Take the following table that stores aggregated values per quarter:
create table customer_turnover
(
customer_id integer,
q1 integer,
q2 integer,
q3 integer,
q4 integer
);
And the following sample data:
customer_id | q1 | q2 | q3 | q4
------------+-----+-----+-----+----
1 | 100 | 210 | 203 | 304
2 | 150 | 118 | 422 | 257
3 | 220 | 311 | 271 | 269
But we want the quarters to be rows (as they should be in a normalized data model).
In Oracle or SQL Server this could be achieved with the UNPIVOT operator, but that is not available in Postgres. However Postgres’ ability to use the VALUES clause like a table makes this actually quite easy:
select c.customer_id, t.*
from customer_turnover c
cross join lateral (
values
(c.q1, 'Q1'),
(c.q2, 'Q2'),
(c.q3, 'Q3'),
(c.q4, 'Q4')
) as t(turnover, quarter)
order by customer_id, quarter;
will return the following result:
customer_id | turnover | quarter
------------+----------+--------
1 | 100 | Q1
1 | 210 | Q2
1 | 203 | Q3
1 | 304 | Q4
2 | 150 | Q1
2 | 118 | Q2
2 | 422 | Q3
2 | 257 | Q4
3 | 220 | Q1
3 | 311 | Q2
3 | 271 | Q3
3 | 269 | Q4
The equivalent query with the standard UNPIVOT operator would be:
select customer_id, turnover, quarter
from customer_turnover c
UNPIVOT (turnover for quarter in (q1 as 'Q1',
q2 as 'Q2',
q3 as 'Q3',
q4 as 'Q4'))
order by customer_id, quarter;
FYI for those of us looking for how to unpivot in RedShift.
The long form solution given by Stew appears to be the only way to accomplish this.

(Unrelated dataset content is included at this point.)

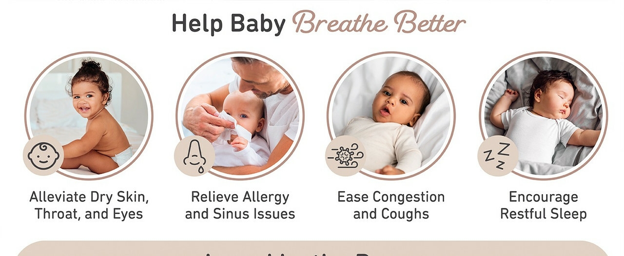 Functions as humidifier, purifier, and night light for bedrooms, offices, and baby rooms.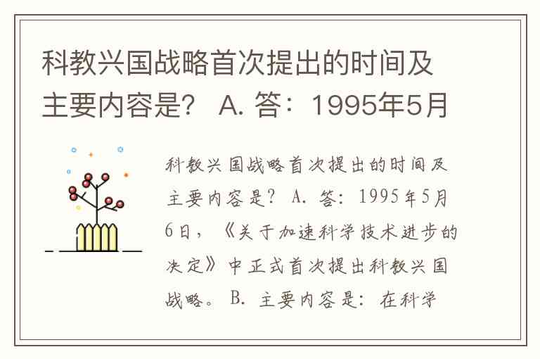 科教兴国战略首次提出的时间及主要内容是? A. 答:1995年5月6日,《关于加速科学技术进步的决定》中正式首次提出科教兴国战略。 B. 主要内容是:在科学技术是第一生产力思想的指导下,坚持教育为本,把科技和教育摆在经济。社会发展的重要位置,增强国家的科技实力及向现实生产力转化的能力,提高全民族的科技文化素质,把经济建设转移到依靠科技进步和提高劳动者素质的轨道上来,加逸实现国家的繁荣昌盛。

For those who cannot see it there, here is the text pasted below:
We do not have built-in functions that will do pivot or unpivot. However,
you can always write SQL to do that.
create table sales (regionid integer, q1 integer, q2 integer, q3 integer, q4 integer);
insert into sales values (1,10,12,14,16), (2,20,22,24,26);
select * from sales order by regionid;
regionid | q1 | q2 | q3 | q4
----------+----+----+----+----
1 | 10 | 12 | 14 | 16
2 | 20 | 22 | 24 | 26
(2 rows)
pivot query
create table sales_pivoted (regionid, quarter, sales)
as
select regionid, 'Q1', q1 from sales
UNION ALL
select regionid, 'Q2', q2 from sales
UNION ALL
select regionid, 'Q3', q3 from sales
UNION ALL
select regionid, 'Q4', q4 from sales
;
select * from sales_pivoted order by regionid, quarter;
regionid | quarter | sales
----------+---------+-------
1 | Q1 | 10
1 | Q2 | 12
1 | Q3 | 14
1 | Q4 | 16
2 | Q1 | 20
2 | Q2 | 22
2 | Q3 | 24
2 | Q4 | 26
(8 rows)
unpivot query
select regionid, sum(Q1) as Q1, sum(Q2) as Q2, sum(Q3) as Q3, sum(Q4) as Q4
from
(select regionid,
case quarter when 'Q1' then sales else 0 end as Q1,
case quarter when 'Q2' then sales else 0 end as Q2,
case quarter when 'Q3' then sales else 0 end as Q3,
case quarter when 'Q4' then sales else 0 end as Q4
from sales_pivoted)
group by regionid
order by regionid;
regionid | q1 | q2 | q3 | q4
----------+----+----+----+----
1 | 10 | 12 | 14 | 16
2 | 20 | 22 | 24 | 26
(2 rows)
Hope this helps, Neil
Pulling slightly modified content from the link in the comment from #a_horse_with_no_name into an answer because it works:
Installing Hstore
If you don't have hstore installed and are running PostgreSQL 9.1+, you can use the handy
CREATE EXTENSION hstore;
For lower versions, look for the hstore.sql file in share/contrib and run in your database.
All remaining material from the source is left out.